INSTRUCTIONS TO FOLLOW:
All records below are to be duplicated exactly, with every picture excluded.

[Dataset excerpts]
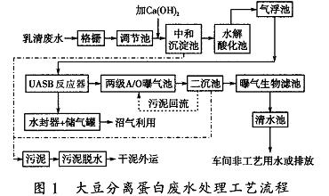 目前國內(nèi)的大豆分離蛋白生產(chǎn)廠都采用堿溶酸沉法提取分離蛋白工藝,每生產(chǎn)1t分離蛋白產(chǎn)生約30~35t的乳清廢水。乳清廢水中的有機(jī)物質(zhì)含量較高,因此對該廢水的污染防治就顯得尤為重要。但是對大豆分離蛋白廢水的污染防治,國內(nèi)外沒有統(tǒng)一的技術(shù)模式以及成功的實(shí)例可以參考,所以筆者結(jié)合自己的工作實(shí)踐探討了適宜的大豆分離蛋白廢水的處理工藝.以使處理廢水達(dá)到國家要求的《污水綜合排放標(biāo)準(zhǔn)》(GB8978--1996)二級標(biāo)準(zhǔn)。
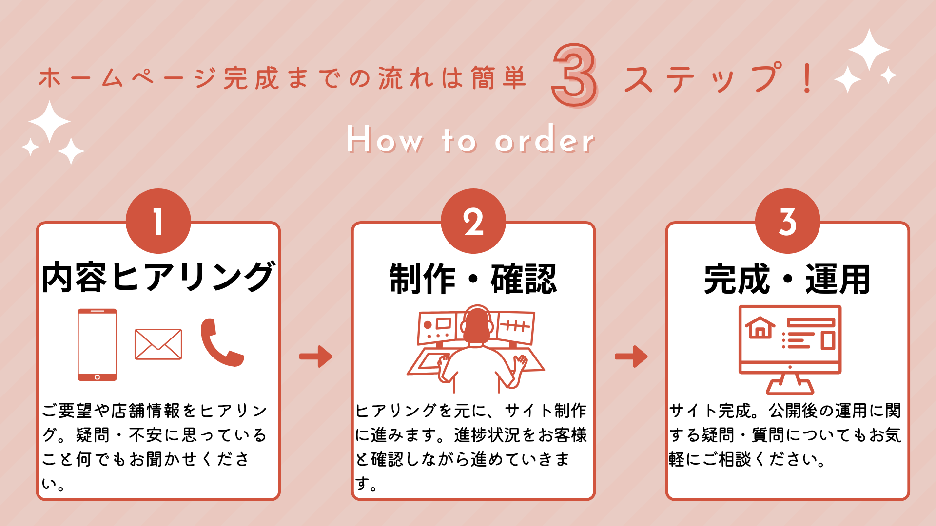 | フリー素材での制作(写真・イラスト) | ✅ | 店舗画像以外は無料素材使用OK |
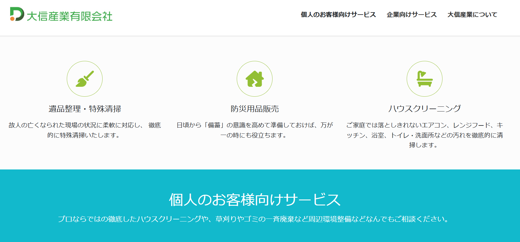 個人向けにはエアコンやレンジフード、浴室などの徹底クリーニング、草刈りやごみの一斉処分など幅広い生活サポートを用意。遠方からの利用者にも、空き家管理や地域事業者との連携による一括見積りで対応するなど、柔軟な姿勢が特徴です。
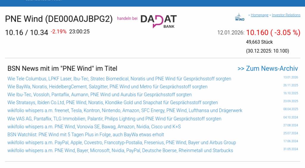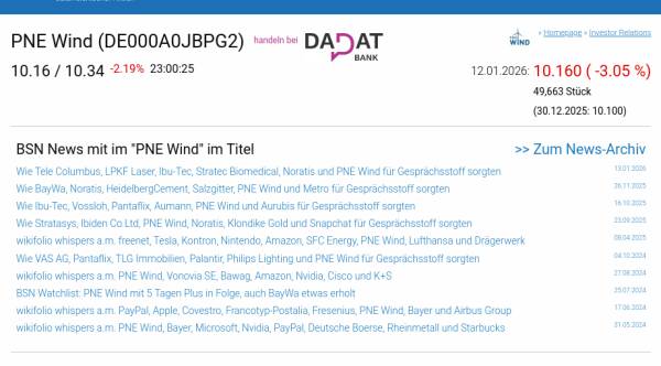 PNE Wind am 12.1. -3,05%, Volumen 138% normaler Tage
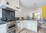 Binnenkomst via de hal met meterkast, moderne toiletruimte en trapopgang. De lichte woonkamer is tuingericht en heeft een prettig uitzicht op de achtertuin met overkapping. De grote raampartijen zorgen voor veel daglicht en een fijne sfeer. Aan de voorzijde bevindt zich de moderne keuken, uitgerust met een robuust betonnen aanrechtblad en hoogwaardige inbouwapparatuur zoals een groot gasfornuis met grillplaat, koel-vriescombinatie, diverse ovens en een Quooker.
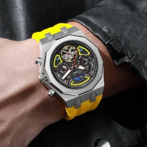 Automatikuhr für Herren Skelettuhr Edelstahl Gummiband 43 mm 30 m Wasserdicht
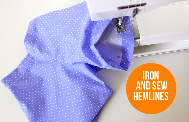 Iron the hemlines under a 1/2 inch and then another 1 inch and sew them in place.
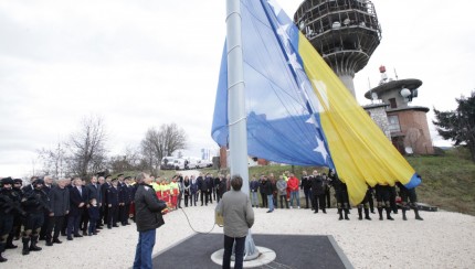 SARAJEVO Na brdu Hum Zastavu su podigli članovi Predsjedništva BiH Šefik Džaferović i Željko Komšić, a prisutna je bila i delegacija Grada Sarajeva Intoniranjem himne i podizanjem zastave jutros je na brdu Hum iznad Sarajeva...
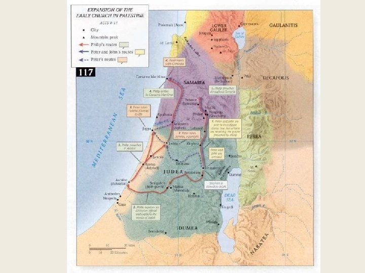 Acts 1: 8 An outline for the growth of “the new way” (9: 2) You will receive power when the Holy Spirit has come upon you; At Pentecost, the gift of the Holy Spirit fulfills this (2: 1 -13) and you will be my The preaching of Peter and others in witnesses in Jerusalem, Jerusalem brings about the witness there (2: 14 -8: 3) in all Judea and Samaria, Persecution in Jerusalem forces Christians out into Judea; the Samaritan mission follows (8: 4 -25) and to the ends of the earth. Less clear, but it happens in many ways. The Ethiopian comes from a long way (8: 26 -40) Cornelius is the first gentile convert (10: 1 -11: 18) Paul arrives in Rome (28: 14)

EXERCISE RESULT:
 目前國內(nèi)的大豆分離蛋白生產(chǎn)廠都采用堿溶酸沉法提取分離蛋白工藝,每生產(chǎn)1t分離蛋白產(chǎn)生約30~35t的乳清廢水。乳清廢水中的有機(jī)物質(zhì)含量較高,因此對該廢水的污染防治就顯得尤為重要。但是對大豆分離蛋白廢水的污染防治,國內(nèi)外沒有統(tǒng)一的技術(shù)模式以及成功的實(shí)例可以參考,所以筆者結(jié)合自己的工作實(shí)踐探討了適宜的大豆分離蛋白廢水的處理工藝.以使處理廢水達(dá)到國家要求的《污水綜合排放標(biāo)準(zhǔn)》(GB8978--1996)二級標(biāo)準(zhǔn)。
 | フリー素材での制作(写真・イラスト) | ✅ | 店舗画像以外は無料素材使用OK |
 個人向けにはエアコンやレンジフード、浴室などの徹底クリーニング、草刈りやごみの一斉処分など幅広い生活サポートを用意。遠方からの利用者にも、空き家管理や地域事業者との連携による一括見積りで対応するなど、柔軟な姿勢が特徴です。
 PNE Wind am 12.1. -3,05%, Volumen 138% normaler Tage
 Binnenkomst via de hal met meterkast, moderne toiletruimte en trapopgang. De lichte woonkamer is tuingericht en heeft een prettig uitzicht op de achtertuin met overkapping. De grote raampartijen zorgen voor veel daglicht en een fijne sfeer. Aan de voorzijde bevindt zich de moderne keuken, uitgerust met een robuust betonnen aanrechtblad en hoogwaardige inbouwapparatuur zoals een groot gasfornuis met grillplaat, koel-vriescombinatie, diverse ovens en een Quooker.
 Automatikuhr für Herren Skelettuhr Edelstahl Gummiband 43 mm 30 m Wasserdicht
 Iron the hemlines under a 1/2 inch and then another 1 inch and sew them in place.
 SARAJEVO Na brdu Hum Zastavu su podigli članovi Predsjedništva BiH Šefik Džaferović i Željko Komšić, a prisutna je bila i delegacija Grada Sarajeva Intoniranjem himne i podizanjem zastave jutros je na brdu Hum iznad Sarajeva...
 Acts 1: 8 An outline for the growth of “the new way” (9: 2) You will receive power when the Holy Spirit has come upon you; At Pentecost, the gift of the Holy Spirit fulfills this (2: 1 -13) and you will be my The preaching of Peter and others in witnesses in Jerusalem, Jerusalem brings about the witness there (2: 14 -8: 3) in all Judea and Samaria, Persecution in Jerusalem forces Christians out into Judea; the Samaritan mission follows (8: 4 -25) and to the ends of the earth. Less clear, but it happens in many ways. The Ethiopian comes from a long way (8: 26 -40) Cornelius is the first gentile convert (10: 1 -11: 18) Paul arrives in Rome (28: 14)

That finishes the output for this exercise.